Statistical analysis
All results are expressed as mean ± standard deviation. Statistical differences were determined by two-sided Student’s t-tests, with a P-value of less than 0.05 considered as statistically significant.
Results
BBB permeability of carnosine and subsequent neuronal activation
Firstly, we evaluated the BBB permeability of IDP using a BBB kit. Caffeine and NaF were used as a positive and a negative control, respectively. As shown in Figure , carnosine and anserine efficiently permeated the BBB, as evidenced by the increased apparent permeability coefficient, Papp. These results suggested that carnosine and anserine can permeate the BBB and enter into the brain.

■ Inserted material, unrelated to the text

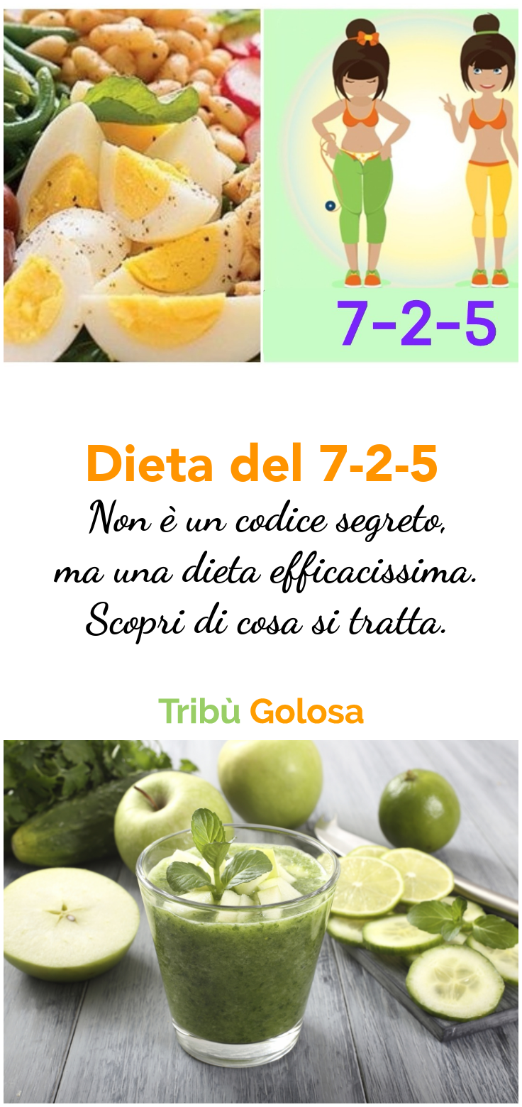 La dieta 7-2-5 è veloce ed efficace se vogliamo perdere peso in poco tempo; infatti, a volte abbiamo bisogno di perdere quei 3 o 4 chili più velocemente a causa di impegni sociali: quel matrimonio o quella comunione cui vogliamo partecipare con l'abito dell'anno scorso ma che non calza come prima a causa degli strappi alla regola sempre più frequenti. Ricorda che, come qualsiasi dieta efficace per perdere peso, è consigliabile cominciarla solo dopo aver consultato il proprio medico di fiducia.
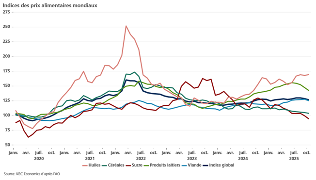 L’indice FAO des prix des produits alimentaires a poursuivi sa baisse en octobre, tous les indices étant en recul à l’exception de celui des huiles végétales.

Figure 1. BBB permeability of IDP and activation of neuronal cells by carnosine. (A) BBB permeability of IDP. BBB permeability of IDP was assessed using a BBB kit and estimated by the resulting permeability coefficient (Papp). (B) Activation of SH-SY5Y cells by carnosine. Carnosine was added to SH-SY5Y cells, and neurite (arrow) growth was observed by fluorescence microscopy (BZ-X700, Keyence, Osaka, Japan).
Next, we evaluated the ability of permeated carnosine to activate neuronal cells. As shown in Figure (B), carnosine treatment did not activate neurite growth in SH-SY5Y cells. Neurites indicated by arrow (Figure (A)) can not be observed in SH-SY5Y cells treated with carnosine (Figure (B)). These results suggest that permeated carnosine activates neuronal cells by different mechanisms.

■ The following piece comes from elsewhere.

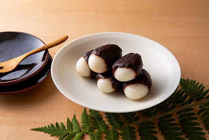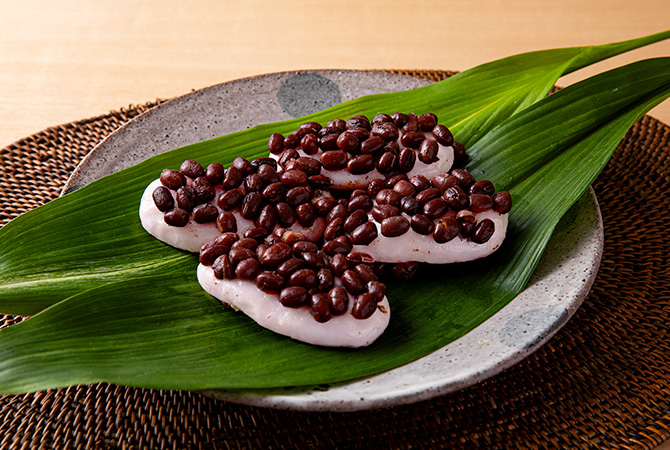 もちが温かいうちにゆで小豆をまぶしつけ、器に盛る。
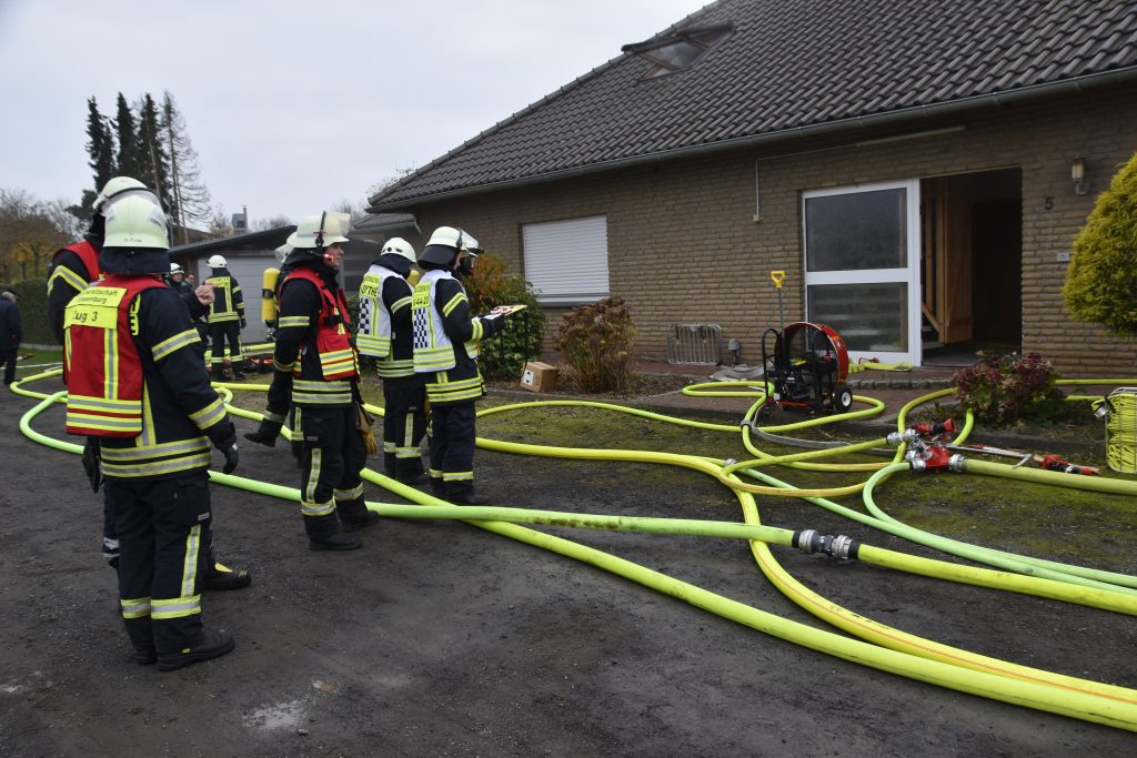 Nach ca. 3,5 Stunden konnte Kreisfeuerwehrbereitschaftsführer Hartwig Henke das Ende der Großübung aussprechen. Nach einer kleinen Nachbesprechung konnte eine positive Bilanz gezogen werden. Kreisfeuerwehrbereitschaftsführer Hartwig Henke, Kreisbrandmeister Arno Rauer und Ordnungsamtsleiter Dieter Schütte bedankten sich bei allen Teilnehmerinnen und Teilnehmern für die super Zusammenarbeit bei dieser Übung. Hier kann man wieder einmal sehen, wie gut das Zusammenspiel der einzelnen Züge ist, so Rauer.

Carnosine induces gene expression of neurotrophin in U-87 MG cells
In order to investigate another possible mechanism of carnosine-dependent activation of neuronal cells, we evaluated changes in the expression of neurotrophin genes in glial and neuronal cells in response to carnosine treatment. Our results clearly show that carnosine treatment increased the expression of BDNF, NGF, and NTF4 in U-87 MG cells, but not in SH-SY5Y cells (Figure ). Furthermore, this enhancement of BDNF expression was confirmed in protein levels using a BDNF ELISA kit. These results show that 10 mM carnosine significantly increased the production of BDNF in U-87 MG cells (Figure ). Taken together, these results suggest that carnosine activates neuronal cells through increased production of neurotrophins in glial cells.
Figure 2. Carnosine augments the expression of neurotrophin genes. The effects of carnosine on expression of BDNF in U-87 MG cells (A) and SH-SY5Y cells (B) were evaluated by qRT-PCR. The effects of carnosine on the expression of NGF (C and D), NTF4 (E and F) and GDNF (G and H) in U-87 MG cells and SH-SY5Y cells, respectively, were also evaluated by qRT-PCR.
Figure 3. Carnosine activates BDNF production in U-87 MG cells. U-87 MG cells were treated with 10 mM carnosine for 3 days. BDNF in the supernatant was assessed using an ELISA kit (Promega).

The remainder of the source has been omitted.